# PT 73 paint colors



## MJB (Aug 3, 2001)

Can anyone help me determine what colors to paint my original Revell PT 73 Boat from McHale's Navy? I usually do figures so this is new territory for me. The color movie is on YouTube for reference. 

Thanks, Michael


----------



## djnick66 (May 2, 2008)

This is an interesting question. The TV series was black and white and some hand colored studio photos show the boat as green. Actual PT boats were also usually green. Revell's box art also shows a greenish boat, although the kit comes in grey plastic.

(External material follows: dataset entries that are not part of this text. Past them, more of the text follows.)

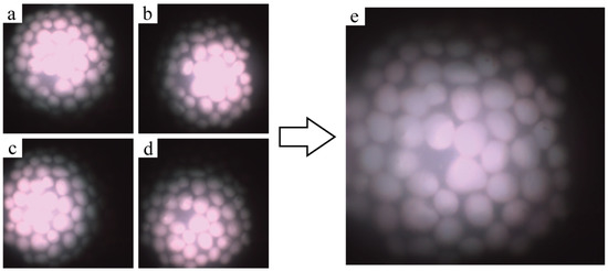 Figure 5 shows an example of the multi-flash system’s image outputs. Each illumination fibre sequentially illuminates the sample, in this case a bare tissue phantom. The four images that are generated can be seen in Figure 5a–d where it is clear that the illumination pattern changes as the scene is illuminated from slightly different positions. The specular reflections present themselves as very bright areas in the center of the illuminated area, where the detector saturates and the hydroxyapetite features are not discernible. The specular reflection shift can also be seen in each of the four images where the saturated region is observed in a different location of the sample. Figure 5e shows the reconstructed output of those four images. The bright saturation due to direct surface reflections is filtered out and the margins of the features are visible once again. The reconstruction error of this method was examined by feeding four identical images into the reconstruction algorithm and analysing the differences. This error in the reconstruction was found to be of the order of .
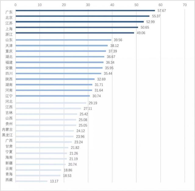 全國各省市創(chuàng)新引領(lǐng)能力指數(shù)
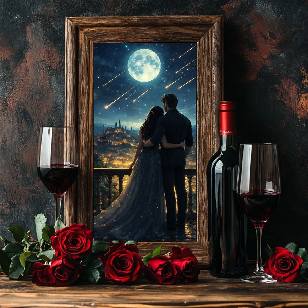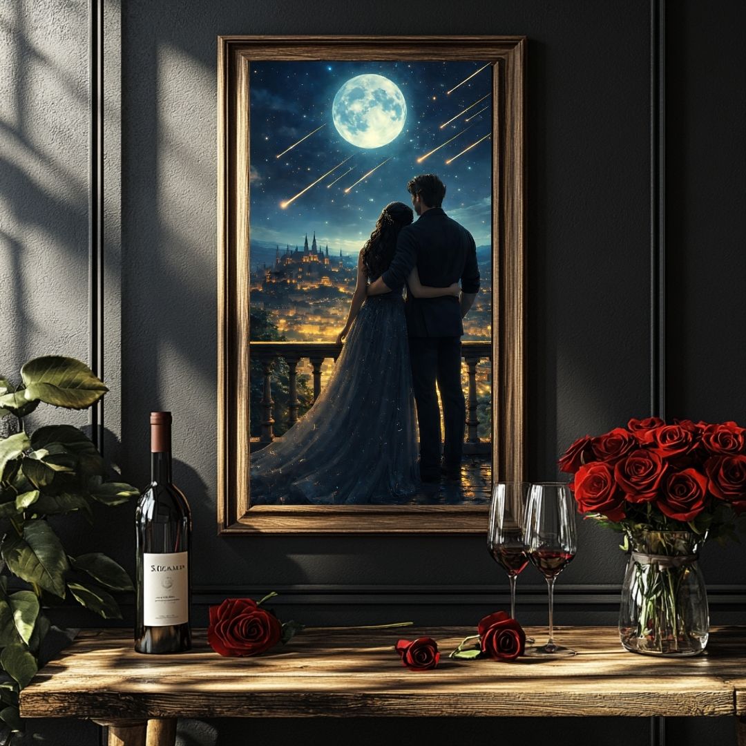 Set beneath a luminous moon and a sky alive with falling stars, this piece evokes the turning point of an epic romance - the calm before destiny unfolds. It’s a visual love letter to fantasy worlds, sweeping romances, and the quiet certainty of choosing each other against a backdrop of magic.

The color movie has PT73 in a fairly light gloss grey. In real life, the ship would have faded to a dull shade quickly, and high gloss on a small scale ship usually looks very toylike. I would look at something like Dark Gull Grey and go for a flat or satin finish.


----------



## MJB (Aug 3, 2001)

I knew I had to suspend a little bit of belief based on the "shininess" of the movie colors. You wouldn't want something that would reflect the sun or moon if you're trying to sneak up on an enemy ship.

Thanks for the suggestion, dj!

Michael


----------



## John P (Sep 1, 1999)

Maybe do a google search for "Vosper PT boat" and see if there are any color shots of real ones?


----------



## irishtrek (Sep 17, 2005)

Or google McHales Navy and click on images.


----------



## btbrush (Sep 20, 2010)

John P said:


> Maybe do a google search for "Vosper PT boat" and see if there are any color shots of real ones?


I believe it was a Higgins.


----------



## Owen E Oulton (Jan 6, 2012)

btbrush said:


> I believe it was a Higgins.


The _*Real Life*_ (tm, pat. pend.) PT-73 was a Higgins boat. The TV PT-73 as seen on _McHale's Navy_ was a modified Vosper built to a British design for the Soviets during WWII. Details on the TV boat can be found at: https://en.wikipedia.org/wiki/McHale's_Navy#The_real-life_PT-73


----------